May 4th, 2008 by bushing · 34 Comments

So, here’s my big project for, well, this quarter or so.  I’d like to be able to unbrick a Wii.  Any Wii.  I think you could rightfully call this the “Holy Grail” of Wii-Hacking projects right now — many have tried, some have written about it, and to my knowledge, nobody has succeeded.  It still won’t be easy, but I believe we now know what must be done and have some ideas about how to do it.

The problem:  The Wii has a single-string bootup system, with several points of failure and no safety or recovery mechanisms.   It appears to have been designed with the assumption that internal testing (by Nintendo) can catch all problems that would prevent the unit from booting, and that the other failures would be rare enough that they could be dealt with at the Nintendo factory.

This was first discovered when people bricked their consoles by installing System Menu updates from “import” games.  This is a pretty fucking lame problem, but it is obviously something that didn’t occur to Nintendo to test.  Fortunately (for them), playing import games required that you physically tamper with your Wii, voiding your warranty in the process.  So, this oversight on their part didn’t really cost them any money.

Lately, the situation has grown more complicated.  Many new (official) updates have been released, each of which carries a minute risk of bricking.  Datel’s Freeloader (among others) allows playing of import games without any visible modification of the console.  The Twilight Hack allows unsigned code to be run; this can then be used to modify system files (e.g. banners), and there seems to be little to no error recovery built into any of the existing system software.  Oops.

So, you install a slightly-corrupted channel banner while experimenting with channel creation, and now your Wii freezes on the “warning screen” (with the throbbing “Press A”).  Now what?

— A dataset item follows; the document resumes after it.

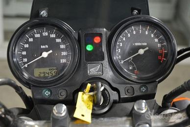 DEK:[10533605] OTTIME CONDIZIONI COMPLETAMENTE ORIGINALE ---- SOLO 29.000 KM !! ---- Motore: quattro cilindri in linea trasversale da 599 cc, raffreddato a liquido, 4 valvole per cilindro, distribuzione DOHC (doppio albero a camme in testa), alimentazione a iniezione elettronica PGM-FI con corpi farfallati da 34 mm. Potenza: circa 78 CV (57 kW) a 10.500 giri/min. Coppia: circa 59 Nm a 8.250 giri/min. Trasmissione: cambio a 6 marce, trasmissione finale a catena.Telaio e ciclistica: telaio in alluminio pressofuso tipo mono-backbone (derivato dalla CBF1000), forcella anteriore telescopica Ø 41 mm (escursione 120 mm, non regolabile), monoammortizzatore posteriore con leveraggio Pro-Link regolabile nel precarico (escursione 125 mm); cerchio anteriore da 17'' con pneumatico 120/70-ZR17, cerchio posteriore da 17'' con pneumatico 160/60-ZR17; impianto frenante con doppio disco anteriore Ø 296 mm (pinze a doppio pistoncino) e disco posteriore Ø 240 mm (pinza singolo pistoncino); sistema ABS di serie o opzionale a seconda della versione.Altezza sella: regolabile su tre livelli: circa 770 mm / 785 mm / 800 mm. Peso: circa 222 kg in ordine di marcia (versione con ABS). Serbatoio: capacità circa 20 litri ([?] 5,3 US gal).Stile: roadster o semicarenata (versione CBF600N nuda, CBF600S semicarenata con cupolino regolabile); design sobrio e funzionale, linee fluide e impostazione turistica ma moderna. Carattere: moto equilibrata e versatile, pensata per adattarsi a piloti di ogni livello. Offre comfort, affidabilità e prestazioni brillanti ma gestibili, con una ciclistica stabile e prevedibile. Ideale per uso quotidiano, turismo e guida rilassata, con il classico comportamento fluido e progressivo dei quattro cilindri Honda.La motocicletta viene consegnata con TAGLIANDO e REVISIONE in ordine, GARANZIA DI 12 MESI con DICHIARAZIONE DI CONFORMITA' a norma di legge. VALUTIAMO IL RITIRO IN
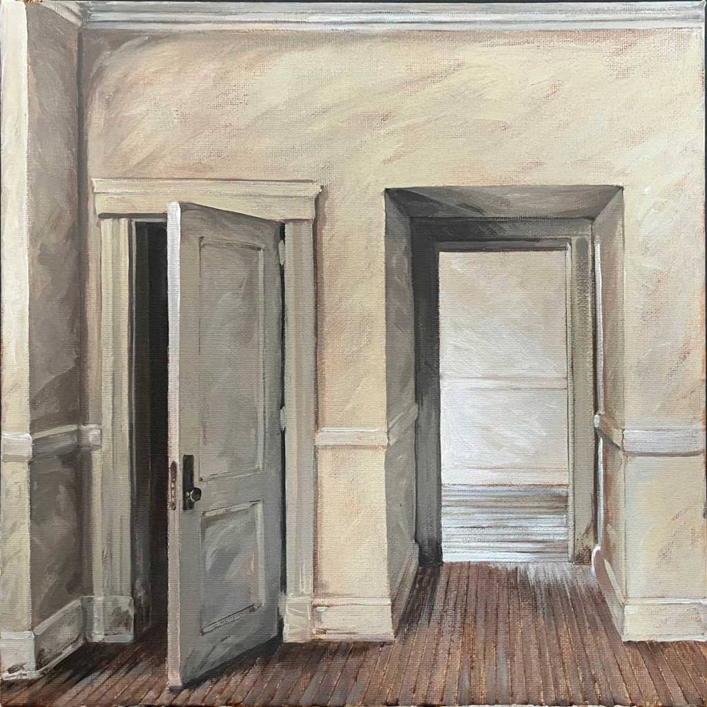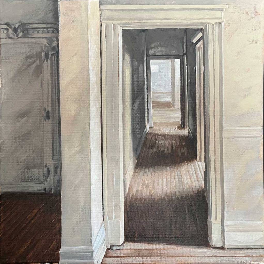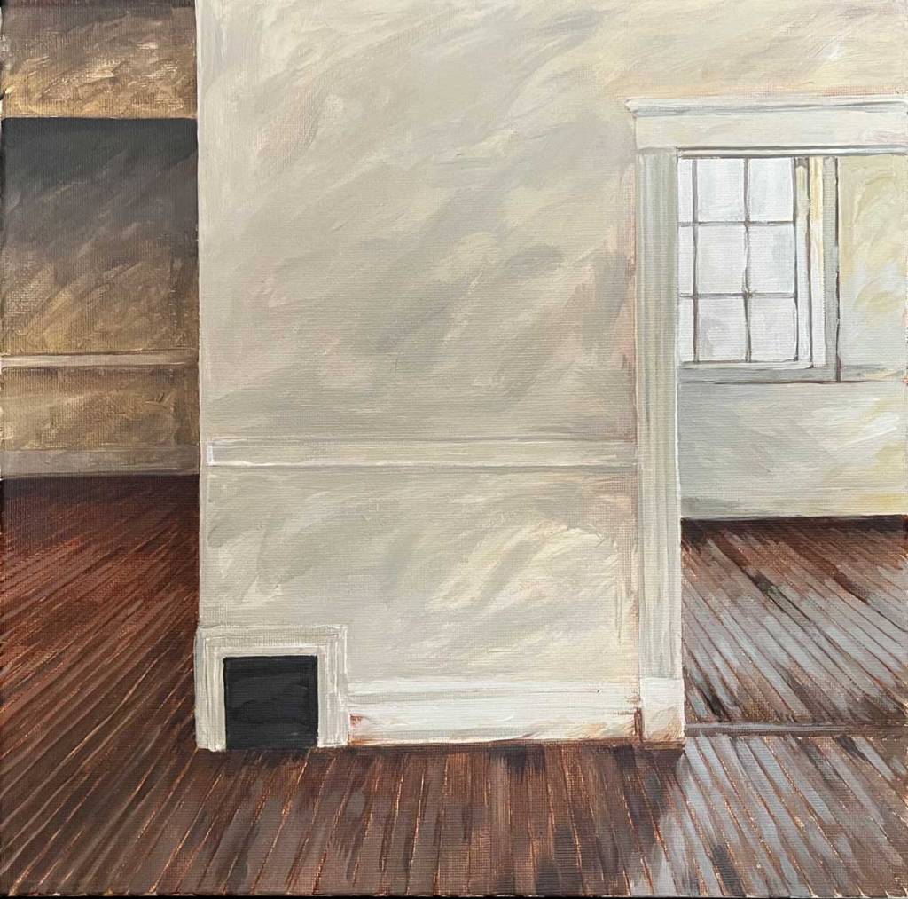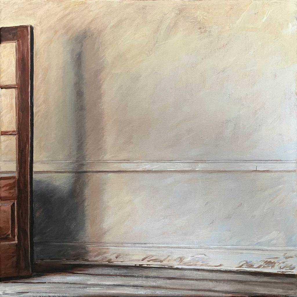 These are part of an ongoing series of small (12″ x 12″) acrylic paintings based on photos I took at an empty textile mill a few years ago.

Here are a few ideas that have been suggested but will not work:

  • Replace flash chip with one from another console (or a cloned one from another console):  Will not work because each Wii uses two unique keys to read and write the contents of the flash chip.  These keys are not tied to a particular flash chip, but rather are stored inside the Hollywood chip.
  • Backup flash chip, and then later reflash chip from backup:  This is almost viable, but it requires that you have a clean backup of your particular Wii before you brick it.   This applies to very, very few people, because it requires foresight and special equipment which is difficult to install.  More on this later.
  • Use some magic boot disc to “repair” the Wii:  This will not work.  The System Menu is the only software which knows how to boot a Wii Disc; if it does not run, you can’t use a disc to do anything.
  • Plug some special USB dongle / memory card / SD card / Wifi thingy in to trigger a hidden recovery mode (ala the Pandora Battery):  This is a neat idea, but it won’t work.  Support for this would have had to be specifically written into the Wii system software, and after 6-8 months of auditing the Wii’s boot path, I’m pretty confident that no such code exists.
  • Maintenance Mode:  Sorry, folks.  Wishing something will fix your Wii won’t make it happen.
  • Fix the specific bugs in the software which cause it to be so fragile:  This is a nice idea, and one we will pursue someday.  However, it’s not a fix for the current bricking problem, because A) you can’t patch bugs on a system you can’t boot, B) patching the bugs is risky and will brick your system if you’re not careful, and C) most bricking scenarios happen when new software is installed; this means that any defensive patches you would make would be wiped out when they would be most needed.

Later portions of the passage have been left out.